Отряд начал строиться.
Передовые уже вышли.
Строили пеших пленных по четыре человека в шеренге.
Пуялко суетился больше других.
Он подскочил к Антикайнену:
— Товарищ начальник, что прикажешь мне делать? Для моей деревяжки ни одна лыжина еще не присобачена, а летать я не умею. Снова, что ли, мне в подвал садиться да лахтарей поджидать?
— Не тарахти, Пуялко, — сурово ответил занятый командир. — Седлай себе ильмариненского жеребца и катись на нем на здоровье.
Так был решен вопрос о коне Ильмаринена.
Окончу рассказ об этой великолепной лошади сейчас же. Ее потом доставили в Петрозаводск, оттуда — в Ленинград. И еще в прошлом году, когда я в служебной командировке проезжал Ленинград, меня затянули ребята на бега.
Там, — правда, уже не в прежней сияющей красоте, но все еще отличный по всем статьям, — на ипподроме бегал этот конь.
Одноногий Пуялко верхом на этом белом жеребце — гораздо более белом, чем наши уже загрязнившиеся балахоны, — сам напоминал какую-то веселую прибаутку.
Приказ отдан. Мы выходим.
Но, как только мы вышли, началась метель.
— Отлично, отлично, — тер свои замерзшие щеки товарищ Хейконен. — Во-первых, раздует пожар, а во-вторых, заметет наши следы. Вперед!
Снова входили передовые в густой замороженный, обледенелый лес.
За ними шли военнопленные, а за военнопленными — основные силы отряда, за отрядом — обоз и предводительствуемые Пуялко-всадником освобожденные нами из плена товарищи.
— Давай закурим, Ильмаринен! — шутя кричит обращаясь к Пуялко, Хейконен.
Старуха шла со всеми вместе — она даже обиделась, когда ей предложили место в санях.
— Слава богу, не раненая я еще! Чтоб своим в тягость быть?!
За освобожденными шло четырнадцать груженых подвод, за подводами — мой (на этот раз арьергардный) взвод.
Шли мы в начинающем бушевать буране несравненно медленнее, чем когда бы то ни было раньше.
Лошади не могли бы итти с нашей скоростью, и сами мы сейчас были нагружены больше, чем раньше, и устали тоже отчаянно. Нас качала усталость, убаюкивала, неожиданными кочками подкатывалась под лыжи, неожиданной остротой колола нагруженные плечи и склеивала веки.
И ко всему этому встречный ветер швырял в лицо курсантам мелкие, острые, частые снежинки.
Впрочем, это, вероятно, было очень хорошо: иначе мы заснули бы.
С вершины склона я оглянулся: сквозь снег метели видно было яркое пламя горевших складов.
Я посмотрел на часы: было около двенадцати.
Не прошло еще четырех часов, как я отдавал приказ своему отделению скатываться вниз; не прошло еще полных четырех часов с той минуты, как мы услышали отдаленное пение петухов в деревне. Это были самые наполненные часы в моей жизни, и я знаю, что никогда не смогу по-настоящему рассказать, что я пережил тогда.
Штаба неприятельского фронта нет! Какое бешеное счастье: базы белого фронта нет!

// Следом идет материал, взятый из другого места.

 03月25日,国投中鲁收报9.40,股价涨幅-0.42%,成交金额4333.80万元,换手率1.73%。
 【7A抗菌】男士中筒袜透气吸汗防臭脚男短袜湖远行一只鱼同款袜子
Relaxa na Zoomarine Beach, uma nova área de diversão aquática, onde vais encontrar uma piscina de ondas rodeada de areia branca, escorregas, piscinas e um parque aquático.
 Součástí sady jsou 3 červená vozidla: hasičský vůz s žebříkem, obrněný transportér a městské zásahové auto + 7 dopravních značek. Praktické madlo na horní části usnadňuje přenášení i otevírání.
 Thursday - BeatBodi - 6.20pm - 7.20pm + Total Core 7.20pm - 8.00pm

Здесь мы отплатили за поражение под Таммерфорсом, за поражение под Выборгом. Так же мы уничтожим все штабы армий, которые посмеют обрушиться на наше отечество, Союз советских социалистических республик.

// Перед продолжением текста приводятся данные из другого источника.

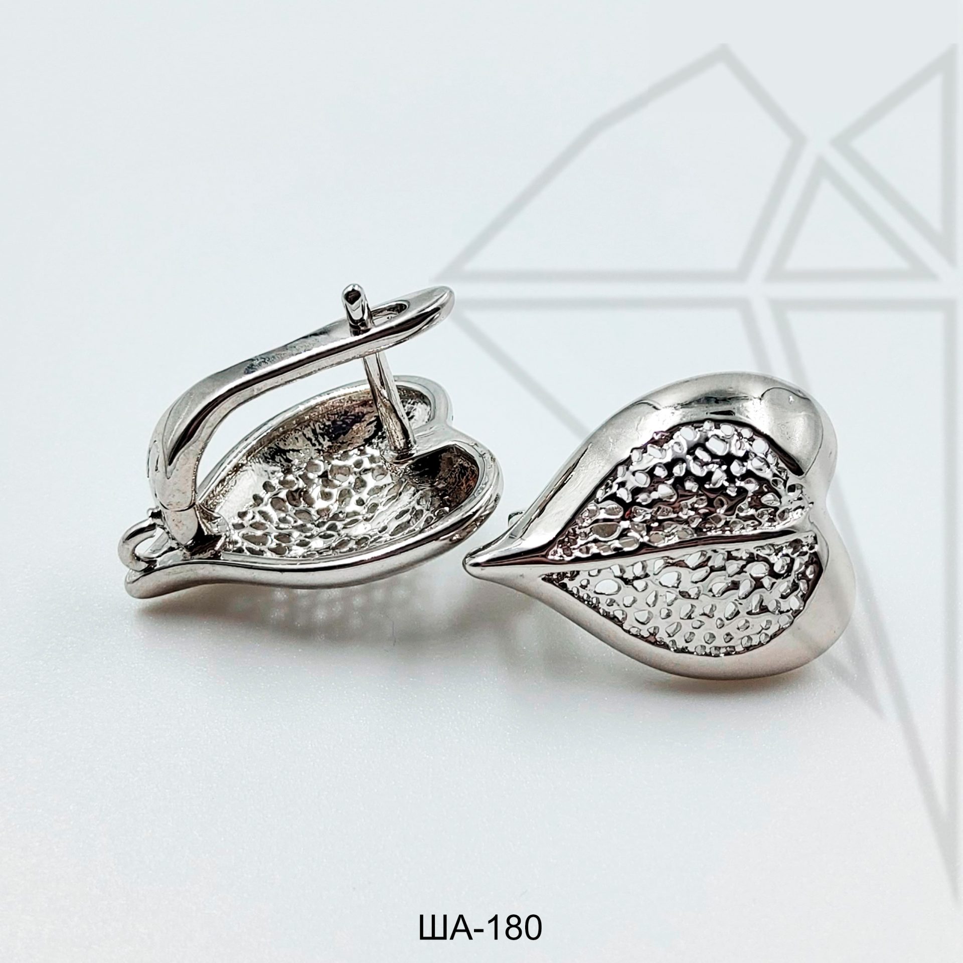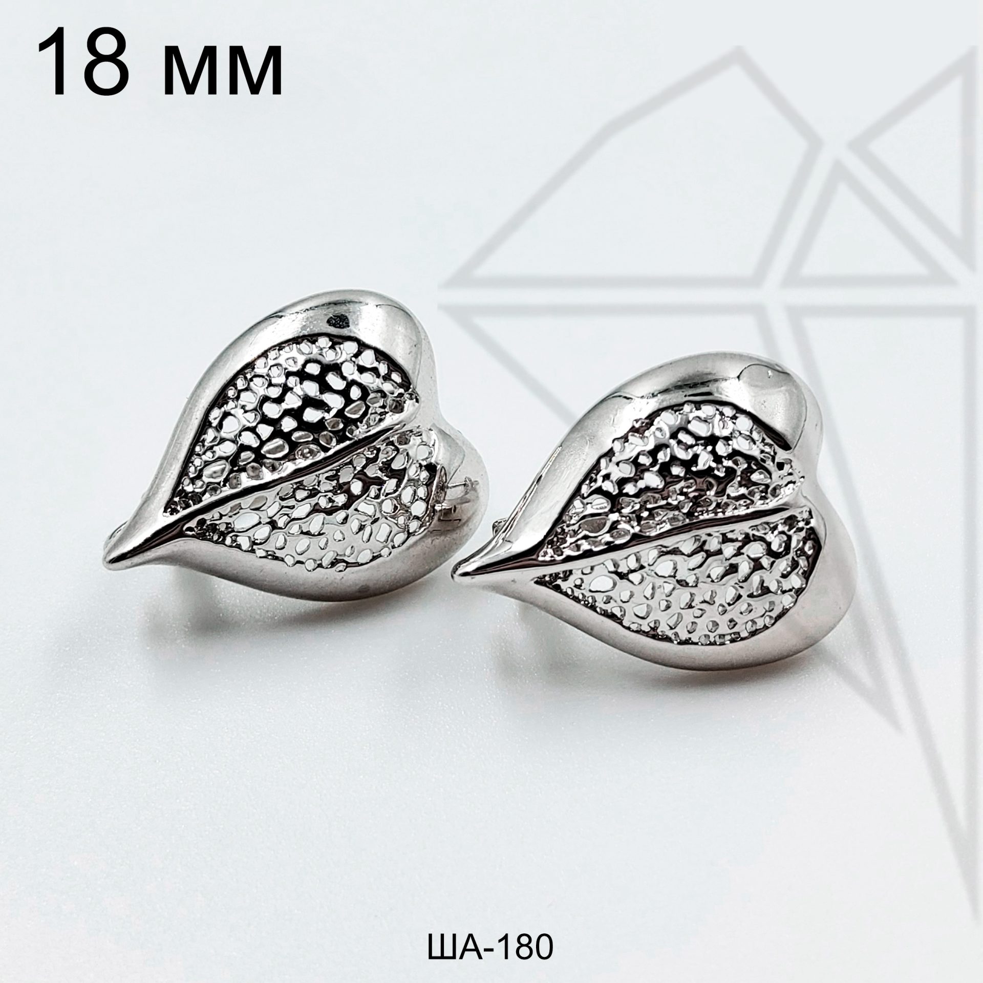 Швензы в форме ажурного листика с английским замком 18 мм класса люкс с родированным покрытием (по латуни).

Я шел в арьергарде. Мы снова вступили в лес, и здесь один человек догнал наш отряд. Он тоже бежал на лыжах и вспотел.
— Разрешите мне уйти с вами. Меня выбрали по настоянию Ильмаринена в Карельское учредительное собрание, но я теперь окончательно знаю, что я не пойду с финляндскими убийцами. Они пугали нас, что красные пришлют сюда китайские части, жестокие китайские части, чтобы растерзать карелов, а пришли вы, самые чистые финны из всех, которых я видел. Я стою за Карелию, а не за то, чтобы Финляндия съела нас.
— Мне некогда расхлебывать политическую кашу в твоей голове. Иди вперед к командиру.

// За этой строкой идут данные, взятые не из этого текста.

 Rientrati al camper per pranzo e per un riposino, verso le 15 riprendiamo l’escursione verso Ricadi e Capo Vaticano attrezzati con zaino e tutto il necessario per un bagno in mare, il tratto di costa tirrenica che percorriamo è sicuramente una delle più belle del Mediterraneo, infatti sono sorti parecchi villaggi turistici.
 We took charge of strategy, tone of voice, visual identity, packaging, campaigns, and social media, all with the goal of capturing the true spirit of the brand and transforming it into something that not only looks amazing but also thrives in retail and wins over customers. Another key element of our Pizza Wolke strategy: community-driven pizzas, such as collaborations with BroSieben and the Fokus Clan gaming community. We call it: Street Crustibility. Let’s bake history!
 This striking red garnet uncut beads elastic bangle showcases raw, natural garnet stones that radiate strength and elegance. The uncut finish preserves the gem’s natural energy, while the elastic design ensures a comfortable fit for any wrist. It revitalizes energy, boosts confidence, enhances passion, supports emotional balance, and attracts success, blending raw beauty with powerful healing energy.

Я дал ему в провожатые Лейно.
— Между прочим, — уходя, сказал он, обернувшись ко мне, — на чердаке штаба сгорело четверо спрятавшихся белых.
Он ушел. Мы шли с быстротой не больше пяти километров в час и против метели быстрее итти, пожалуй, никак не могли.
Часа через полтора после отхода, уже продираясь через чащу, мы услышали гул отдаленного грома, повторенный троекратно.
Это взрывались артиллерийские припасы.
Пройдя километров пятнадцать, мы совершенно выбились из сил, и, несмотря на то, что медленно продвигались против бури, пот снова стал пробираться через одежду, чтобы затем оледенеть на ветру.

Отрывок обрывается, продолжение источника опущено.